Don't fry me, I'm no chicken!
Our boxer had been abused prior to use getting him - some scars from hitting and infected feet/hair loss from being left standing in his own poo poo and piss in a cage all the time. He finally escaped somehow and was living on the streets of Chicago in January when he caught and handed over to a rescue shelter. He was 35 lbs and you could see bones under the skin very clearly. A few weeks of daily showers and ointments took care of the infections and skin, a few months of overly indulgent attitude about table scraps and he got back up to full weight. He spends his days laying on a spare bed watching the neighborhood out the windows and sleeping in the sun, gets 3 meals plus treats every day, and sleeps in front of a fire place on 3 stacked dog beds at night.

he won the puppy dog lottery.

Fried Chicken
Jan 9, 2011

Don't fry me, I'm no chicken!

Tide posted:

That just makes me so extraordinarily sad. I am just going to tell myself he got rescued by awesome dudes in a helicopter.
No need. It happened in Bosnia, here is the waterfall during the summer


You can see the one he is on, it isn't too bad. The rangers came out to deal with it, apparently ti is a regular thing for deer and wild boar to end up where he is. They finally coaxed him to jump back into the water and he swam to the other side and ran off into the woods, presumably to join the hunter he belonged to.


quote:

On a better note, our boxer made it through surgery and is recuperating well. The prednisone they have him on makes him drink, eat, and piss like no tomorrow.

very good to hear

Fried Chicken
Jan 9, 2011

Don't fry me, I'm no chicken!
https://www.youtube.com/watch?v=xx6I0GrKlQQ


hooooooooooo*snort*ooooooowl

Fried Chicken
Jan 9, 2011

Don't fry me, I'm no chicken!

Pierson posted:

Do dogs know we love them and do they love us back? These are the questions that would haunt me were I not disgustingly allergic to dogs and so owned 1,000,000 dogs.

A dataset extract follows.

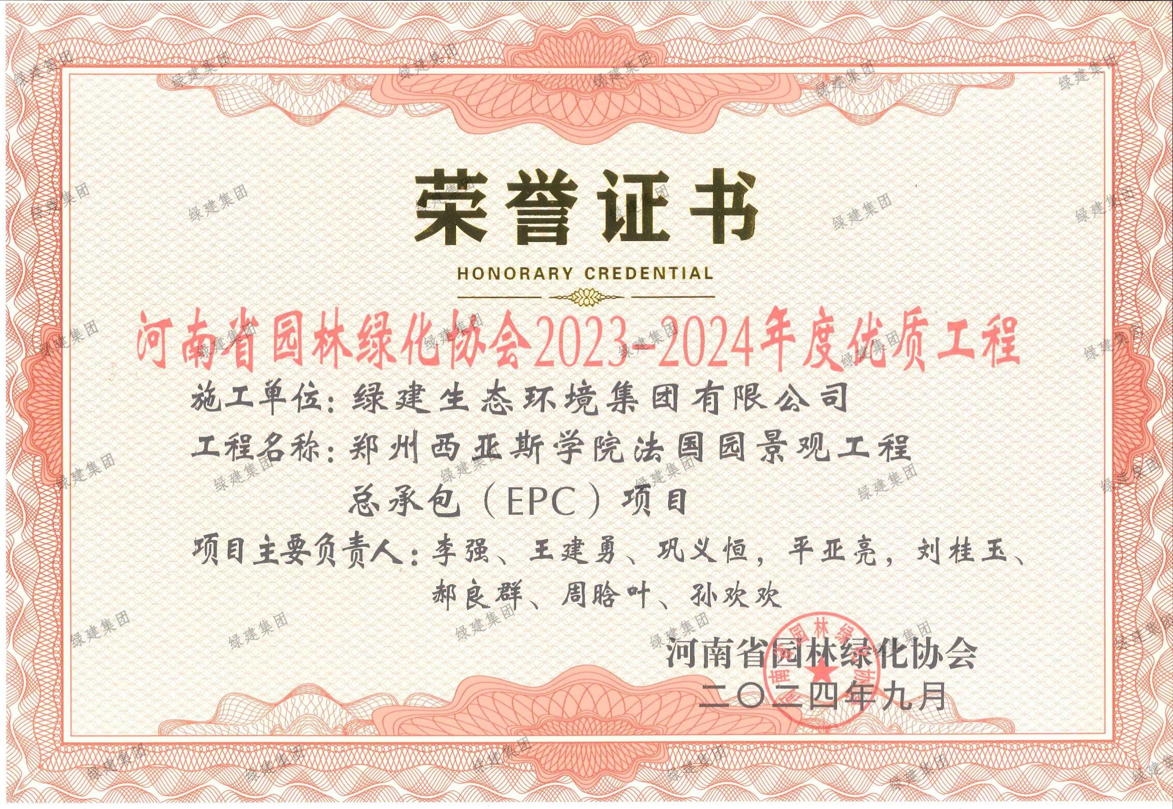 河南省園林綠化協會2023-2024年度優質工程獎

In its 164 year history the New York Times has covers many groundbreaking and controversial events. The piece that has brought about the most feedback from the readership however, was a small article on animal neuroscience in 2005. A small scientific explainer, it covered what we currently understood about the way different animals perceived and processed emotions differently, essentially reflecting on the old question of "does my sadness feel to me the same way your sadness feels to you" with a conclusive "no", at least across species lines. It was titled "Your Dog Doesn't Really Love You".

Holy poo poo people did not like that.

Fried Chicken
Jan 9, 2011

Don't fry me, I'm no chicken!

Rigel posted:



This is Frank. He is my dog. He is being trained in explosives detection and PSA.





He has just been transitioned from knee lock bites to bicep bites, so he has to re-learn how to knock decoys on their rear end with his fury.



Good dog!


We train with a few other people. Here are their cute dogs!




Boris loves long walks and his toy cheeseburger and also biting that dude in the suit. And smelling drugs. He bumps where the drugs are hidden with his nose. It's really cute.





This is Charlie. He also loves to bite mans, and smell bombs. Today Charlie and Frank went to where I work and got to have Industrial Facility Desensitization Adventure. Good times were had by all!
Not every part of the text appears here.